Full Report
State-sponsored attackers joined by Chinese snoops and hackers-for-hire in latest round of economic penalties The Council of the European Union sanctioned Emennet Pasargad on Monday, a company used as a front for a series of Iranian cyberattacks.…
Analysis Summary
# Threat Actor: Emennet Pasargad
## Attribution & Identity
* **Identification:** Emennet Pasargad (also known as Emennet Pasargad Engineering Company).
* **National State Affiliation:** Iran.
* **Known Aliases:** Anzu, Anzu Team.
* **Associated Groups:** Linked directly to the Islamic Revolutionary Guard Corps (IRGC).
## Activity Summary
Emennet Pasargad is a Tehran-based front company responsible for high-profile cyberattacks and "hack-and-leak" operations aimed at Western interests.
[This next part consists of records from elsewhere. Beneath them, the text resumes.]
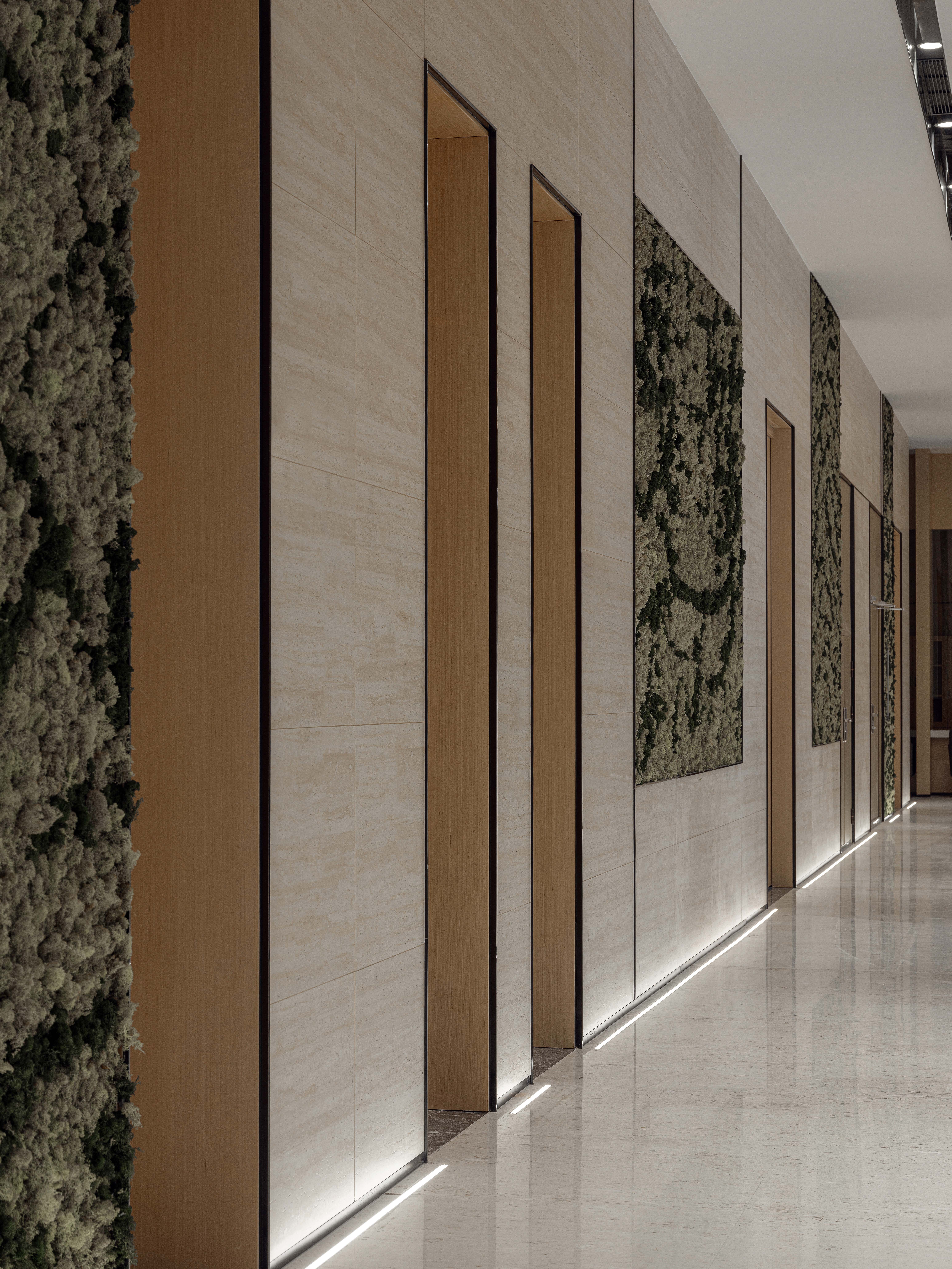 用视线的虚实将空间与自然的风景结合,空间又因浅木纹肌理的勾勒而围合成一个更为纯净的场所。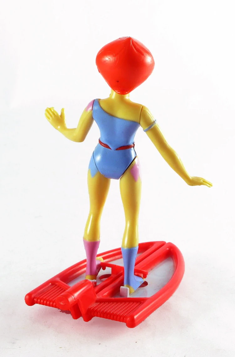 Spaceboard: Made of a red plastic with parts painted grey the Spaceboard had tiny pegs which would fit into the figure's feet, allowing the figure to stand on the Spaceboard.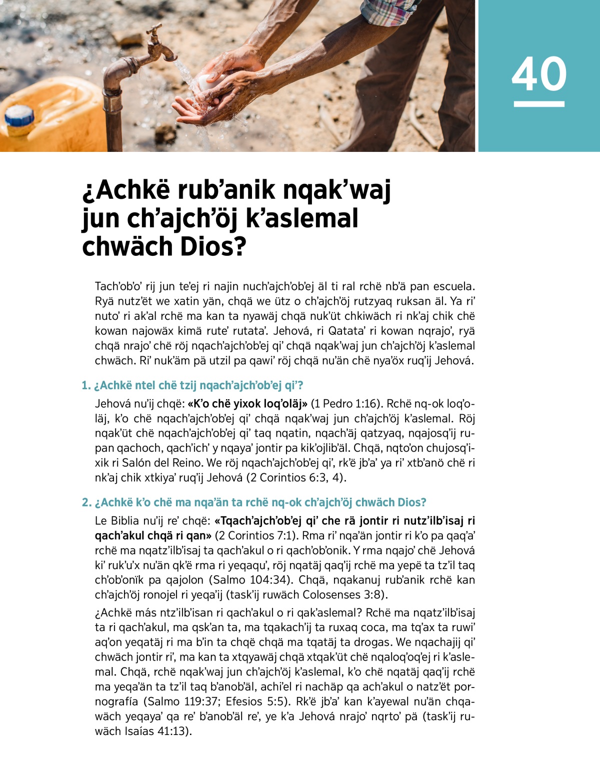 Le Biblia nuʼij reʼ chqë: «Tqachʼajchʼobʼej qiʼ che rä jontir ri nutzʼilbʼisaj ri qachʼakul chqä ri qan» (2 Corintios 7:1). Rma riʼ nqaʼän jontir ri kʼo pa qaqʼaʼ rchë ma nqatzʼilbʼisaj ta qachʼakul o ri qachʼobʼonik. Y rma nqajoʼ chë Jehová kiʼ rukʼuʼx nuʼän qkʼë rma ri yeqaquʼ, röj nqatäj qaqʼij rchë ma yepë ta tzʼil taq chʼobʼonïk pa qajolon (Salmo 104:34). Chqä, nqakanuj rubʼanik rchë kan chʼajchʼöj ronojel ri yeqaʼij (taskʼij ruwäch Colosenses 3:8).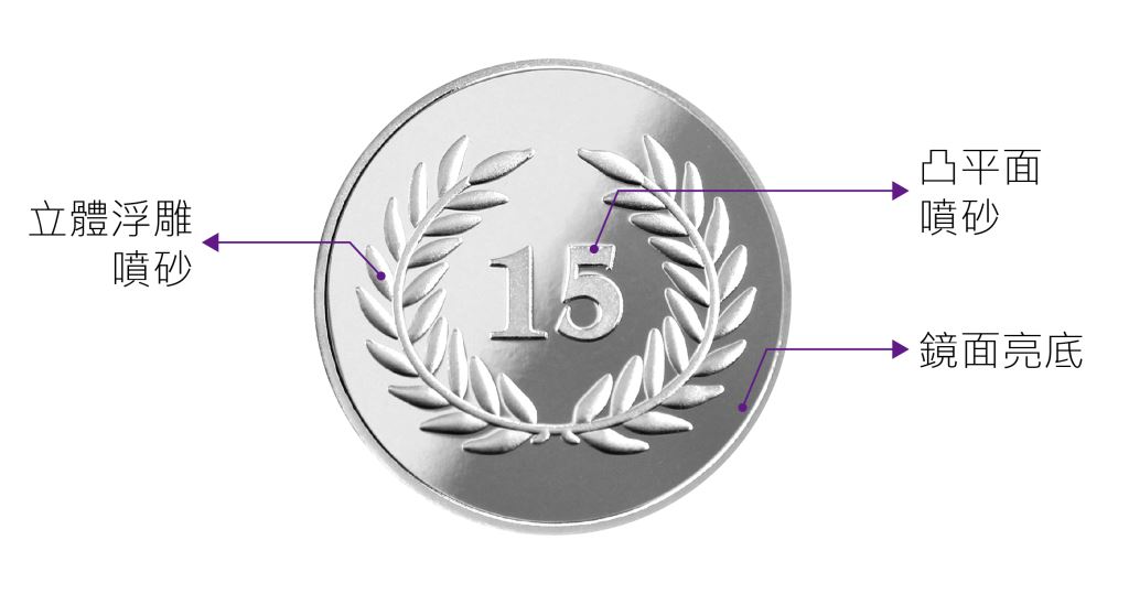 1.客製幣面區域可依客戶用途及需求,雕刻圖像與文案,雕刻效果為單線字體 或 描繪外框的中空字體,因雕刻為破壞性方式,仿實心字體需反覆刻畫,會產生粗糙的毛邊,故不建議使用。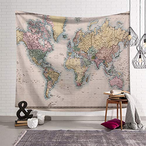 Dekoriのヴィンテージ風ワールドマップタペストリーは、150x130cmの大判サイズで、おしゃれな壁掛けとして部屋やパーティーの装飾に最適です。個性あふれる家庭飾りや新居祝いの贈り物にもおすすめです。
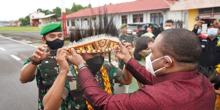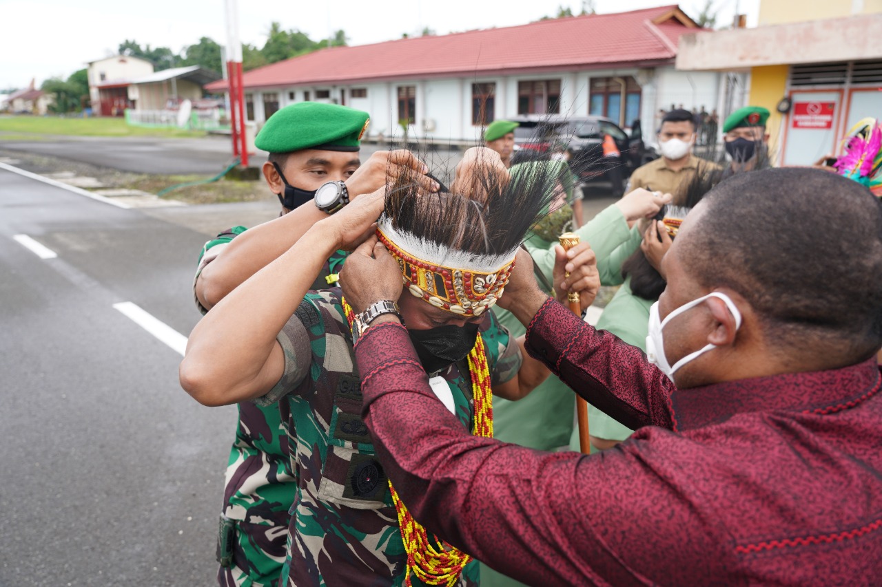 Manokwari. kodam18kasuari.tni-ad.mil.id – Kedatangan Pangdam XVIII Kasuari, Mayjend TNI Gabriel Lema, S.Sos., bersama Ketua Persit Kartika Chandra Kirana (KCK) Daerah XVIII/Kasuari, Ny. Alin Gabriel Lema disambut dengan tarian adat, pengalungan bunga, pemasangan topi adat dan prosesi injak piring sebagai tanda ucapan selamat datang di Manokwari.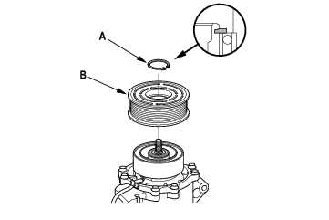 - If you are replacing the field coil, remove the snap ring (A) with snap ring pliers, then remove the rotor pulley (B). Be careful not to damage the rotor pulley and compressor.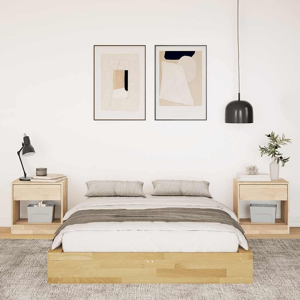 Estructura de cama sin colchón 120x190 cm madera maciza de roble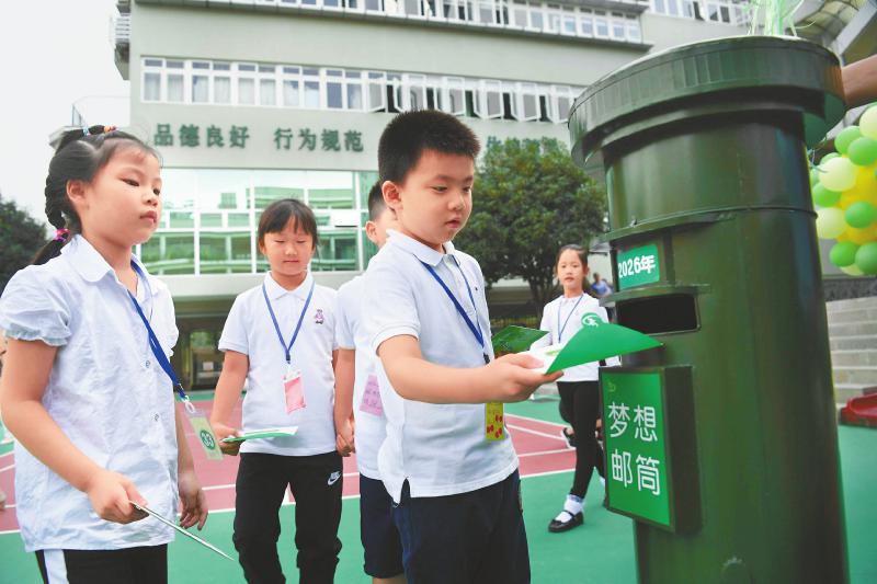 9月1日,成都市龙江路小学200余名一年级新生将一封封满载梦想的“慢信”投进邮筒,寓意梦想在学校生根。(记者 肖雨杨 摄)

Recent activities highlighted by the Council of the European Union include:
* **Psychological Operations (2023-2024):** Retaliatory cyberattacks against the French magazine *Charlie Hebdo* and SMS-based threats in Sweden.
* **Election Interference:** Attempted interference in the 2020 US elections and continued monitoring of US electoral systems.
* **Influence Operations (2024):** Compromising advertising infrastructure during the Paris Olympics to display propaganda.
## Tactics, Techniques & Procedures
* **Information Operations / Disinformation:** Creating spoofed media sites to spread anti-American propaganda and provoke heated political exchanges.
* **Hack-and-Leak:** Stealing sensitive subscriber databases (e.g., from *Charlie Hebdo*) and offering the data for sale on dark web forums to intimidate and harass.
* **Infrastructure Hijacking:** Compromising third-party SMS gateways to send mass threatening messages to a nation's citizenry.
* **Public Defacement:** Compromising digital advertising boards to display politically motivated propaganda.
* **Confidence Undermining:** Strategic targeting of election-related systems to reduce public trust in democratic security.
## Targeting
* **Sectors:** Media/Publishing, Government (Elections), Telecommunications (SMS services), and Public Information (Advertising/Signage).
* **Geography:** United States, France, Sweden, Israel, and various EU member states.
* **Victims:**
* *Charlie Hebdo* (Subscriber base)
* Sweden’s national SMS service infrastructure
* Paris 2024 Olympics advertising board operators
* United States 2020 election infrastructure and voters
## Tools & Infrastructure
* **Spoofed Domains:** Host fraudulent media outlets to disseminate propaganda (URLs not provided in source).
* **Dark Web Forums:** Utilized for leaking/selling stolen PII (Personally Identifiable Information).
* **SMS Gateways:** Hijacked Swedish service provider infrastructure used to send ~15,000 retaliatory messages.
## Implications
Emennet Pasargad represents a shift in Iranian cyber strategy toward "cognitive warfare." Their operations are not designed for traditional espionage (data theft for intelligence) but rather for public disruption, intimidation, and the undermining of democratic institutions. The actor's agility in responding to geopolitical events—such as religious protests or sports events—indicates a highly reactive and politically motivated operational mandate.
## Mitigations
* **Third-Party Risk Management:** Audit and secure third-party integration points, particularly for SMS and public-facing digital signage, to prevent unauthorized message distribution.
* **Election Security:** Implement rigorous monitoring of election-related infrastructure for reconnaissance or small-scale intrusions intended to damage public confidence.
* **Brand & Media Protection:** Media organizations should utilize heightened DDoS protection and robust database encryption/access controls to defend against hack-and-leak attempts.
* **Public Awareness:** Educate the public on "spoofed media" and disinformation tactics to build resilience against foreign influence operations.